Moolanomy offers a very helpful guide to some of the ratios that can help you evaluate the value of an individual stock:

  • P/E Ratio: This is the Price to Earnings Ratio. It represents a comparison between the current share price and the earnings per share.
  • PEG Ratio: This is the Price to Earnings to Growth Ratio. This measure takes into account the growth of the company, in addition to its current share price and earnings.
  • PEGY Ratio: This builds on the previous two evaluations to consider a dividend yield.
  • P/B Ratio: Price-To-Book ratio compares the share price to its book value. The book value is the company’s total asset value — looking at balance sheet.

All of these ratios can be helpful in determining whether or not a company is overvalued or undervalued.
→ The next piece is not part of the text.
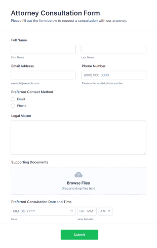 The Attorney Consultation AI Agent allows legal practices to collect a wide range of data, including client names, contact details, preferred contact methods, and specific legal issues. It can also request supporting documents, ensuring that attorneys have all necessary information before consultations. With Jotform's customization options, the agent can be tailored to reflect the firm’s branding while maintaining a user-friendly interface. The ability to handle multiple forms enhances data collection across various legal services.

If a stock is undervalued, it is generally considered a good buy. At some point, according to the theory of the stock market, the share price will rise to meet the value of the investment.

However, even the best evaluations do not take into account the future, and you can still lose out. This is precisely why I’m not into individual stock picking. While some people do well at it, and can do it for entertainment, I am not one of them. I prefer the safety of index funds to the stresses of picking stocks. But there are plenty of those who find stock picking exhilarating and profitable.

Disclaimer: I am not an investment professional. Nothing in this piece or on this Web site should be construed as investment advice. Before making investment decisions, do your own research and/or consult with an investment professional. All investment comes with the risk of loss. You are responsible for your own investment decisions and any loss that may result from your decisions.